Jovem com auscultadores no escritório a ouvir música, rodeado de colegas a trabalhar e ondas sonoras ilustradas.

Mas são precisamente os espaços amplos e abertos que levam o nosso cérebro, de forma silenciosa mas bem perceptível, aos seus limites.

Muitas empresas reduzem área, derrubam paredes e apostam em plantas abertas. À primeira vista, parece moderno e eficiente. No entanto, dados de neurociência mostram agora o seguinte: nestes ambientes, o cérebro tem de trabalhar de forma claramente mais intensa do que num gabinete individual calmo - mesmo quando pensamos que conseguimos simplesmente ignorar todo o ruído à nossa volta.

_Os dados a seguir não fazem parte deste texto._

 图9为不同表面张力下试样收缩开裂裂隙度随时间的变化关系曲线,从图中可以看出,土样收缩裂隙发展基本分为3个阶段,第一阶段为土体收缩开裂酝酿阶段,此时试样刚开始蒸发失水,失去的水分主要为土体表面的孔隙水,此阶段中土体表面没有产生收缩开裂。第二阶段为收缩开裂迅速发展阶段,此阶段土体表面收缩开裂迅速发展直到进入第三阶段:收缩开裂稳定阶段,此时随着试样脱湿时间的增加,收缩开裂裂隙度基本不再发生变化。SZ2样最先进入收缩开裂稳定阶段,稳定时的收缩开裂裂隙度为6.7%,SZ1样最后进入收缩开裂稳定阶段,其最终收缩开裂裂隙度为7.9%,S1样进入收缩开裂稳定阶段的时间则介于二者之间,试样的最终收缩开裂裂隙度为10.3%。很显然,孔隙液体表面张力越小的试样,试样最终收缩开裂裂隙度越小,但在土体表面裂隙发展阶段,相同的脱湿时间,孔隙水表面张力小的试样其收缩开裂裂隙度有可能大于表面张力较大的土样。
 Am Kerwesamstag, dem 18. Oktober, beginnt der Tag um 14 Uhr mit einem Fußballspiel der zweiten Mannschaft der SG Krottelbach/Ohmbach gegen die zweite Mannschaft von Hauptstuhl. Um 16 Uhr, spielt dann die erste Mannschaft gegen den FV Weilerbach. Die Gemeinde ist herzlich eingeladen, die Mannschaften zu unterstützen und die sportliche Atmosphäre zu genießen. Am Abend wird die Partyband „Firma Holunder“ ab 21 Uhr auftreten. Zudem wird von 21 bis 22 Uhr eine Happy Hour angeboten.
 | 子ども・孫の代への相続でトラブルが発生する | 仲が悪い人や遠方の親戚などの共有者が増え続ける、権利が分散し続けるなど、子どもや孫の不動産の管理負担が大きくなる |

Escritório em open space como stress contínuo para a cabeça

As estruturas de escritório abertas são, há anos, apresentadas como a solução para tudo: mais interação, menos metros quadrados e custos mais baixos para a entidade patronal. Na prática, muitos trabalhadores relatam ruído, interrupções constantes e uma sensação difusa de stress. Um estudo recente realizado em Espanha trouxe agora valores medidos diretamente no cérebro.

Os investigadores equiparam 26 adultos com bonés móveis de EEG. O EEG (eletroencefalografia) mede a atividade elétrica do cérebro através de sensores colocados no couro cabeludo. Os participantes realizaram tarefas típicas de ecrã: ler e responder a e-mails, acompanhar notificações, memorizar listas de palavras e reproduzi-las.

O aspeto mais interessante foi este: todos fizeram as mesmas tarefas em dois ambientes completamente diferentes - uma vez num escritório em open space, com outras pessoas à vista e ao alcance da audição, e outra vez numa pequena cabine fechada com frente de vidro, mas com muito menos estímulos.

As mesmas tarefas desencadearam, no escritório em open space, um padrão cerebral completamente diferente do que no espaço fechado - muito mais exigente, muito mais agitado.

O que realmente acontece no cérebro no escritório em open space

Os investigadores concentraram-se na região frontal do cérebro. É aí que se encontram os processos ligados à atenção, à concentração e à capacidade de filtrar distrações. Foram medidas várias ondas cerebrais associadas a estados específicos:

  • Ondas gama: surgem em momentos de grande concentração e de pensamento complexo.
  • Ondas beta: estão associadas a estados ativos, maior vigilância e, muitas vezes, também a tensão interior.
  • Ondas alfa: aparecem mais em momentos de relaxamento com atenção passiva.
  • Ondas teta: relacionam-se com relaxamento mais profundo, atenção interna e memória de trabalho - e também aumentam quando há fadiga mental.
  • Ondas delta: predominam no sono profundo.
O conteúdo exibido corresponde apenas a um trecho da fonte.